For the uploading and downloading jobs, one important note is to make sure the job is processed with enough scratch space. For example, if the maximum size for the uploading files is about 1 terabyte size, and the job is going to use 6 cores, the best option is to find 6 local disks with each local disk larger than 1TB. In this way, the I/O burden is evenly distributed onto the 6 disks. Otherwise in this example please make sure the local scratch directory is larger than 6TB size; so that as all of 6 uploading processes execute together the scratch space is able to hold all of the data.
In ACCRE, the best option for the SciLo job is to utilize the custom gateways. The benefit to use custom gateways is that the jobs can utilize the large local disks, and the job does not have time limit. Please make sure the scratch directory is not on the shared storage, like the GPFS or NFS folders on the node.
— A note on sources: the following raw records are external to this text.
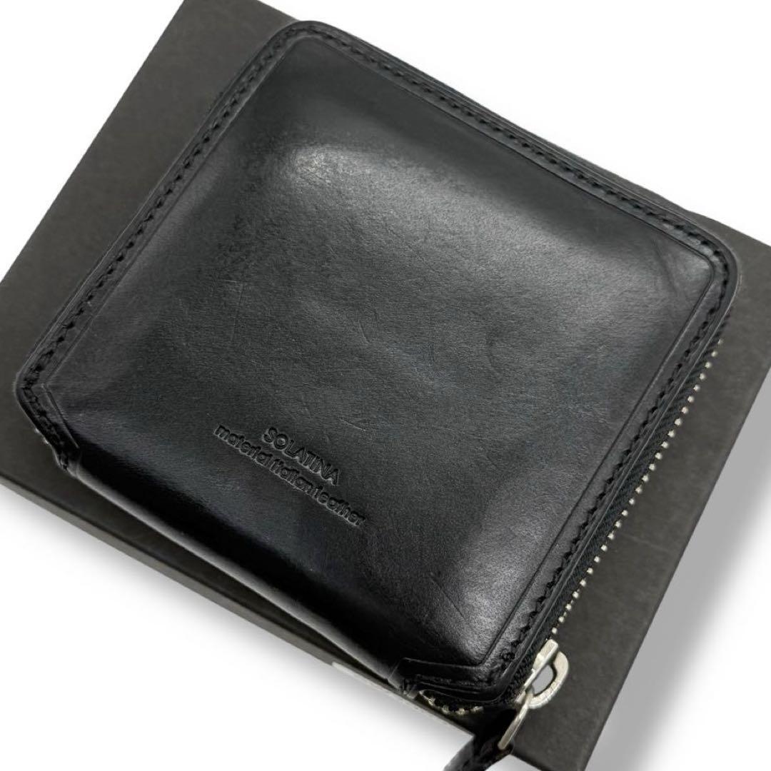 - ソラチナ 折り財布 オールレザー 本革 コンパクトウォレット ブラック SOLATINA ラウンドジップウォレット 箱付き da22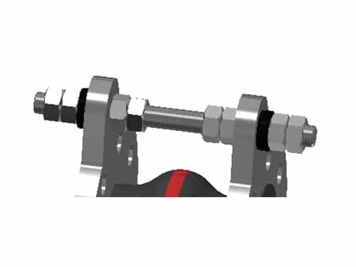 Tensioned/shear-limited, mounted externally in ball discs/conical sockets internally with shear limitation (nuts)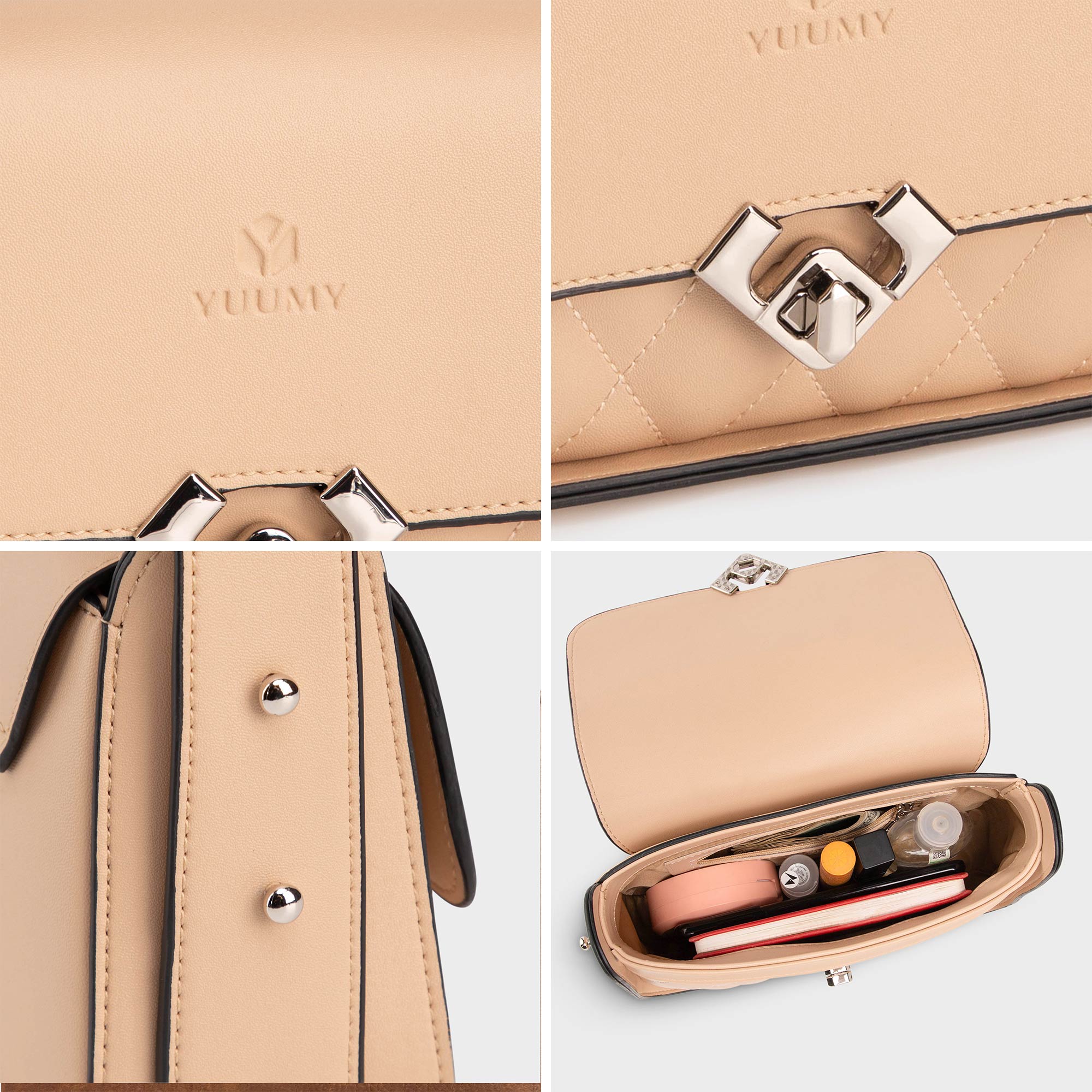 Túi xách đeo vai da nữ hình chữ nhật Yuumy Seasand YN234 được làm từ chất liệu da tổng hợp cao cấp có họa tiết caro với các đường chỉ nổi, tạo điểm nhấn trẻ trung. Túi sử dụng khóa kim loại màu bạc với thiết kế độc đáo, dễ dàng mở và đóng. Dây đeo vai có thể điều chỉnh độ dài ngắn theo sở thích . Các gam màu trung tính tạo cảm giác dịu dàng và dễ phối hợp với nhiều trang phục. Kích thước túi nhỏ gọn, phù hợp để mang theo các vật dụng cá nhân cần thiết như điện thoại, ví tiền, chìa khóa và một số mỹ phẩm, phù hợp vào các dịp đi chơi, dạo phố, đi làm, đi dự tiệc,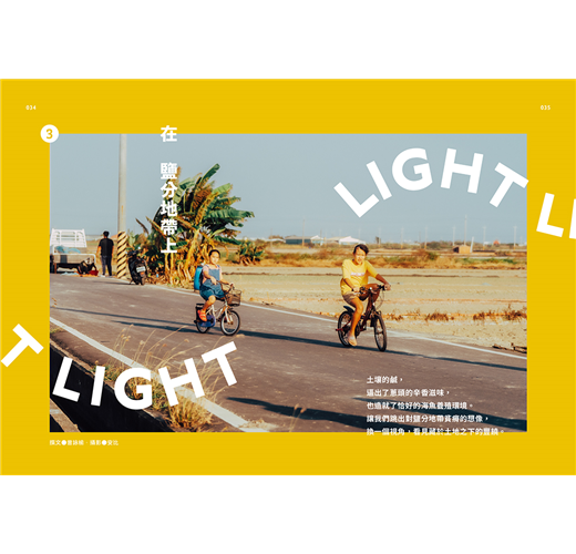 三寮灣與蘆竹溝兩個聚落同座落於台南著名的鹽分地帶上,卻由於靠海與否發展出不同的居民維生策略。「LIGHT」單元以產業為庄頭帶來的「亮」出發,呈現三寮灣因應高鹽分土地發展出的蔥田關水文化、蘆竹溝潟湖內的蚵棚和其他養殖漁業,以及兩庄共同面對的光電板議題。

If you prefer to use a Slurm job for the SciLo tasks, please allocate enough time for the Slurm job and use the local /tmp
folder as scratch directory.
For both uploading/downloading jobs the script needs to set up a folder to store the log related data. Since the script uses the parallel command for executing the jobs in parallel, after the job is done you can check the *.par files in the log folder; these are the log files for all uploading or downloading jobs.
Uploading Files to SciLo
The script scilo_put.sh
is to perform the uploading job to a SciLo bucket. It’s available in the path /accre/common/bin
. Before the upload job, please make sure that you have correct setup of SciLo in your home directory. In ACCRE we will place a .s3keys
file under the user’s home directory. This file contains the access key and other information needed for accessing SciLo. Before the uploading job the script will test the existence of the .s3keys
file in your home directory, and test whether SciLo can access the given bucket and retrieve information.
The uploading process has the following parameters:
-p
(--path
): provide the file path for archive purpose-b
(--bucket
): SciLo bucket name for archive-i
(--islstore
): whether the input path is an LStore path-s
(--scratch
): scratch directory for the work-n
(--ncores
): how many cores we want to use. You need to specify a value; each core for one uploading job.-l
(--log
): log directory for storing the information and checksum files regarding the progress. Please reuse the same log directory so that the re-run can pick up the unfinished jobs and avoid repeating the duplicate uploading work.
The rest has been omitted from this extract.